### [Problem to work on]
Start at the line that contains "Kuchyňská baterie OMNIRES" in the listing below and extract every line through the last, exactly; leave pictures out.

### [Available data]

►

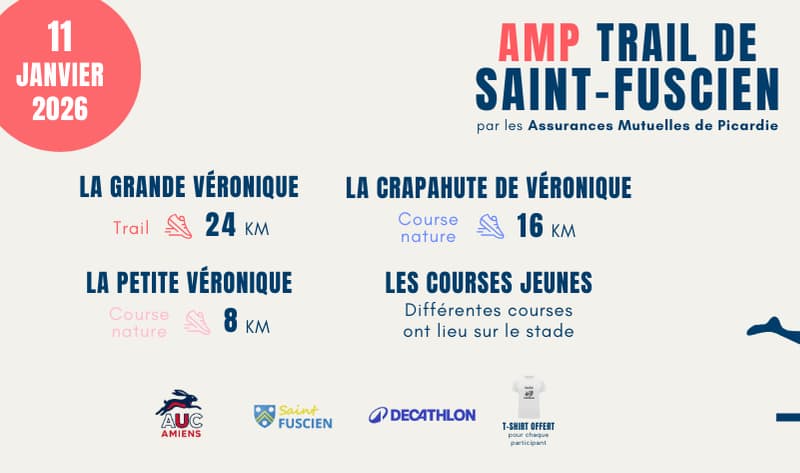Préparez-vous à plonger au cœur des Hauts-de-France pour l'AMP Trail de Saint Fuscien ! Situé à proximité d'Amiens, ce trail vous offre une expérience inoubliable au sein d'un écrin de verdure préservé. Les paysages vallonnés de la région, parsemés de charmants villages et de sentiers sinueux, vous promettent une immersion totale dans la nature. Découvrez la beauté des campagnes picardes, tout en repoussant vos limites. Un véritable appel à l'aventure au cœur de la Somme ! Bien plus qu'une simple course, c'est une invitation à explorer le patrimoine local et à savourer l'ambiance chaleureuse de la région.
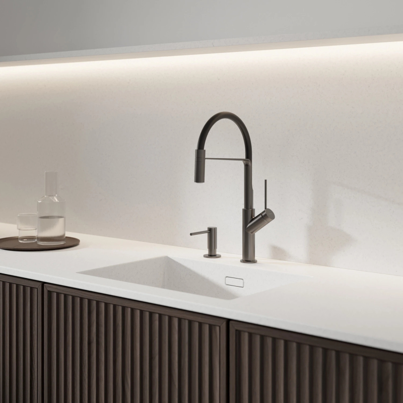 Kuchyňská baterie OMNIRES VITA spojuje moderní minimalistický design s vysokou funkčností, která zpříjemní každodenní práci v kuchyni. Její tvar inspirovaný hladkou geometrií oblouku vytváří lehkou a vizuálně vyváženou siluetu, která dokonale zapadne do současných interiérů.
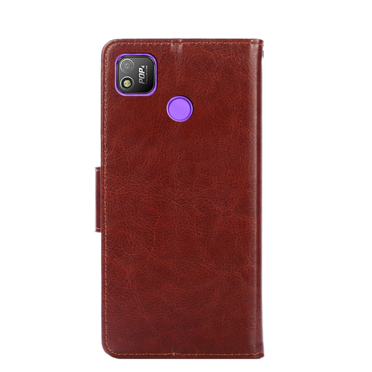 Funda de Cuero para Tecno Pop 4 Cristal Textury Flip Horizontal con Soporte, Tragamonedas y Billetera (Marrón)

◄

### [Task solution]
 Kuchyňská baterie OMNIRES VITA spojuje moderní minimalistický design s vysokou funkčností, která zpříjemní každodenní práci v kuchyni. Její tvar inspirovaný hladkou geometrií oblouku vytváří lehkou a vizuálně vyváženou siluetu, která dokonale zapadne do současných interiérů.
 Funda de Cuero para Tecno Pop 4 Cristal Textury Flip Horizontal con Soporte, Tragamonedas y Billetera (Marrón)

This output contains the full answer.